My view remains that in the coming months the biggest moves in markets will be generated by the relative adjustments in QE programmes among the world’s largest economies. Japan appears fully committed to its expansive programme for the rest of the year, but the jury is out on whether or not Europe and/or Britain will decide if further monetary easing is necessary (as an aside I think both will in fact decide to go for more QE, but more of this in future posts). As for America, I believe the taper is most definitely on and I am not convinced the market has digested the implications of this yet. I note my fellow blogger, Richard Jennings of Titan investment partners shares my view on the short side too (see here –, and one which is a minority one at present, hence my also finding comfort in this

Much has been made of the fact that the Fed looks likely to maintain the Zero Interest Rate Policy (ZIRP) through to summer 2015.  While the continuation of ZIRP will probably dampen any resurgence in the US Dollar and might even keep bond yields from boiling over, it is far from clear if this will be so supportive for US stocks. After all, ZIRP has now been with us since December 2008.  When stocks have corrected in the last 5 years, on its own ZIRP hasn’t provided much of a backstop. What has been far more influential has been the absence or appearance of direct bond purchasing by the Fed.

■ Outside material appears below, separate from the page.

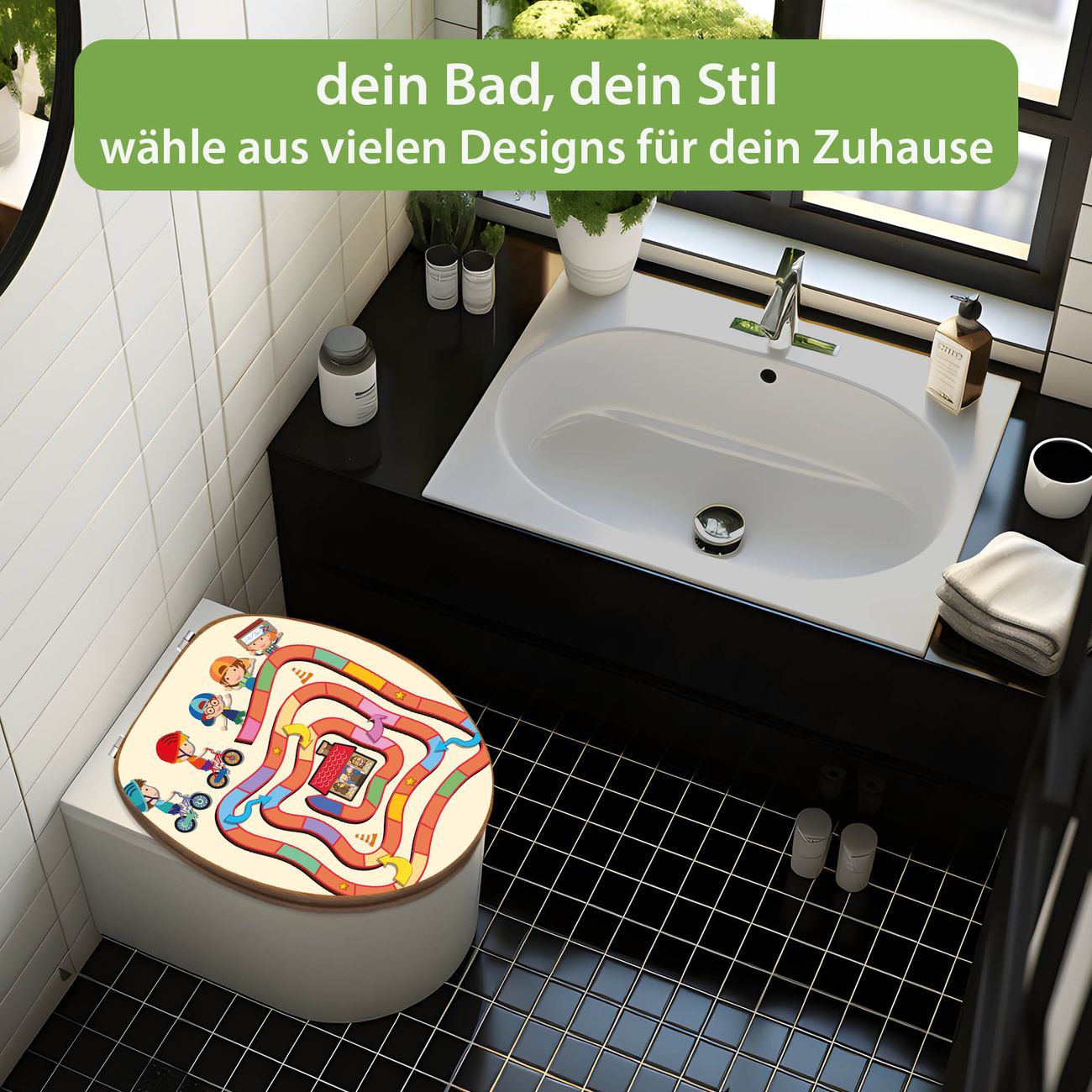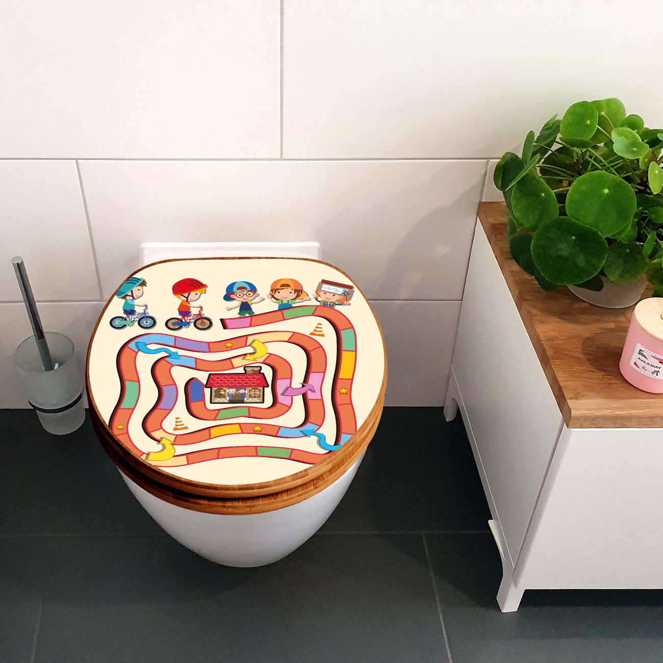 Design WC-Sitz Bambus Holz Motiv Spielbrett 2

I see no reason why this pattern shouldn’t repeat itself again this time. If the FOMC announces its plan to start withdrawing its $85bn a month of bond purchases, then it seems reasonable to expect this to have a detrimental impact on the outlook for stocks, at least in the short to medium term.

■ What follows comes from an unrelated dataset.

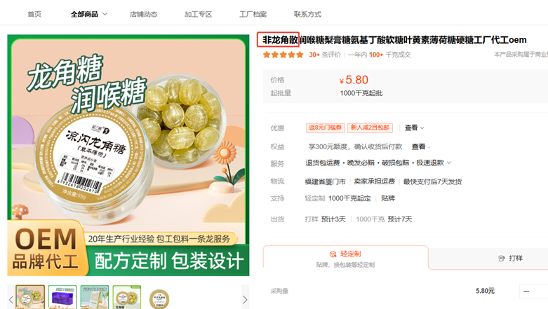 面对猖獗的山寨行为,龙角散没有视而不见,而是拿起法律武器维权。2025年9月,龙角散起诉厦门永福星保健品有限公司,该公司擅自使用近似商标“龙角糖”,并通过关键词引流进行不正当竞争。最终,法院判处被告停止侵权,赔偿龙角散10万元。

However, as much as I like my plan for the week, there is one unfortunate caveat.  Last month there was very little to no speculation that the Fed might cause a sell-off. This month I have caught a few pieces, such as this one on Reuters, anticipating just such a move. This really is a shame, as specific guidance from the mainstream media can usually be guaranteed to be wrong. 

Nevertheless I am sticking with my interpretation of the charts and the outlook. I opened my first short after the close on Friday evening.  My plan is to watch the market’s mood on Monday and Tuesday and seek to add to this, by the time of the release of the FOMC policy statement on Wednesday.

EDIT – Also bear in mind that the influential nonfarm payrolls report is due out on Friday, so this really could be a crucial week.  We might even see a reappearance of the “good is bad” reaction to positive news.  Hey ho what crazy times we live in!